Над золою Золушка хлопочет,
Чахнет над богатствами Кощей,
И никто из них еще не хочет
Поменяться участью своей.
20
«Я стою на приподнятом трапе…»
Я стою на приподнятом трапе
Корабля. Изнуряющий зной.
И муза, в соломенной шляпе,
Все не хочет проститься со мной.
Гурда
1
«На клинке блестящем у эфеса…»
Гурда по-чеченски: держись!
На клинке блестящем у эфеса
Полумесяц рваный и звезда.
Нет на свете лучшего отвеса,
Чем отвес твой, драгоценная гурда.
В мире нет тебе подобной стали ―
Невесомой, гибкой и сухой,
За тебя мюриды умирали,
Чтобы только обладать тобой.
Ты в руке испытанной у бека
Без зазубрин разрубала гвоздь,
Рассекала с маху человека
От плеча до паха наискось.
Говорят ― и повторяют это ―
Что тебя, с заклятьем на устах,
Выковал по просьбе Магомета
В поднебесной кузнице Аллах.
Для твоей неукротимой славы
Украшенья были не нужны:
Костяная рукоятка без оправы,
В темной коже ― легкие ножны.
2
Чеченская песня
Александру Туроверову
«Просохнет земля, на могиле моей ―
И слеза у матери станут скупей,
А горе твое, престарелый отец,
Заглушит над гробом растущий чабрец;
Как вешнего снега ―
недолга пора
Печали твоей, дорогая сестра.
Но ты не забудешь чеченскую честь,
Мой старший возлюбленный брат,
Меня не забудешь ―
кровавую месть
Тебе завещает адат;
Меня не забудет и братец меньшой,
Пока сам не ляжет со мной.
Горячая пуля меня уведет, ―
Но пулям своим потерял я учет;
Земля мой последний покроет привал;
Но вволю ее я конем истоптал;
Холодная смерть, породнюсь, я с тобой
Но в жизни была ты моею рабой».
3
«Месть за сына, за отца, за брата…»
Месть за сына, за отца, за брата,
За семью поруганную ― месть!
Нет войны священней газавата,
Но враги безжалостнее ― есть.
Над имамом флаг зеленый реет:
Весь Кавказ привстал на стременах,
Над Баклановым по ветру веет
Черный, с черепами флаг.
Рассыпались всадники по полю,
С каждым смерть скакала на обочь,
На чеченскую седую волю
Опускалась северная ночь;
Над страницами раскрытого Корана
Оседала поднятая пыль,
Казаки в аулах Дагестана,
На Гунибе ― сдавшийся Шамиль.
Стала ты подругой у шайтана,
Породнилась с заколдованной рукой,
Черт Петрович, генерал Бакланов
Самовластно завладел тобой.
4
Казачья песня
«Вдоль по линии Кавказской
Млад-сизой орел летал.
Он летает пред войсками
Наш походный атаман;
Он с походом нас поздравил,
Отдавал строгий приказ:
Чтоб у вас, ребята, были
Ружья новые Бердан,
Шашки острые в ножнах,
Пистолеты в кобурах…
Что ты, ворон, что ты, черный,
Что ты вьешься надо мной?
Ведь добыча-то плохая:
Я ― казак ― еще не твой!»
5
«Черт не спит.

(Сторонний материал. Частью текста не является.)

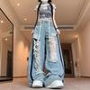 Calça jeans rasgada estilo americano retrô, perna larga, feminina, novo design de verão, calça solta e reta, moderna, com faixas

Ему давно не спится…»
Черт не спит. Ему давно не спится.
Скучно в Петербурге одному.
Старый черт из Гугнинской станицы
Был роднею деду моему.
И ему, предчувствуя кончину,
Он тебя на память передал.
В Петербурге умер от кручины
Сосланный казачий генерал.
Дед носил тебя, ценить умея, ―
И уча потом носить меня,
На кавказской узкой портупее
Из простого сыромятного ремня.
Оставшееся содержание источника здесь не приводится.